Given material >>
◇ ◇ ◇ ◇ ◇ ◇ ◇

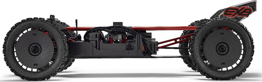The 1/7 TALION 6S EXB RTR was built to handle it all with a laser-etched 7075 T6 aluminum chassis plate, anodized aluminum bulkheads, and heavy-duty composite side guards that can take serious punishment. Stronger diff outdrives front and rear, all-metal gearbox internals, and durable steel driveshafts throughout make the drivetrain as tough as the conditions you'll run it in. Split tower-to-tower center braces, EXB shock towers, and a high-downforce, one-piece wing mount add rigidity and improve handling at speed.
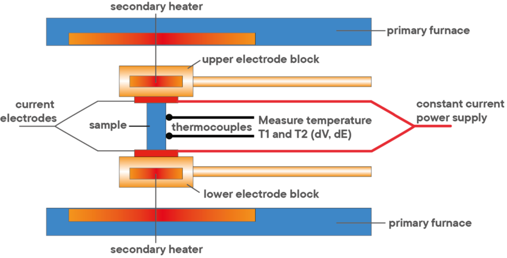 The LSR can simultaneously measure both the Seebeck coefficient and the electrical resistance (thermal conductivity and ZT using the Harman method).
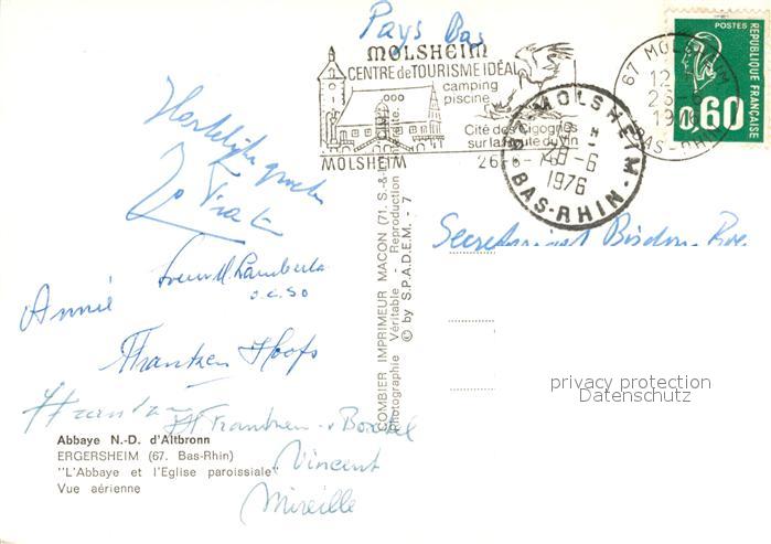 13218397 carte postale Ergersheim Bas-Rhin Abbaye Eglise paroissiale vue aérienne postalisch gelaufen Erhaltung siehe scans [FriedD77] KatCode: 11170067367127

◇ ◇ ◇ ◇ ◇ ◇ ◇

About this task >> Write out, exactly and only, the lines from the one containing "The LSR can" through the last line of the material above. Pictures do not go in the copy.

Written solution >>
 The LSR can simultaneously measure both the Seebeck coefficient and the electrical resistance (thermal conductivity and ZT using the Harman method).
 13218397 carte postale Ergersheim Bas-Rhin Abbaye Eglise paroissiale vue aérienne postalisch gelaufen Erhaltung siehe scans [FriedD77] KatCode: 11170067367127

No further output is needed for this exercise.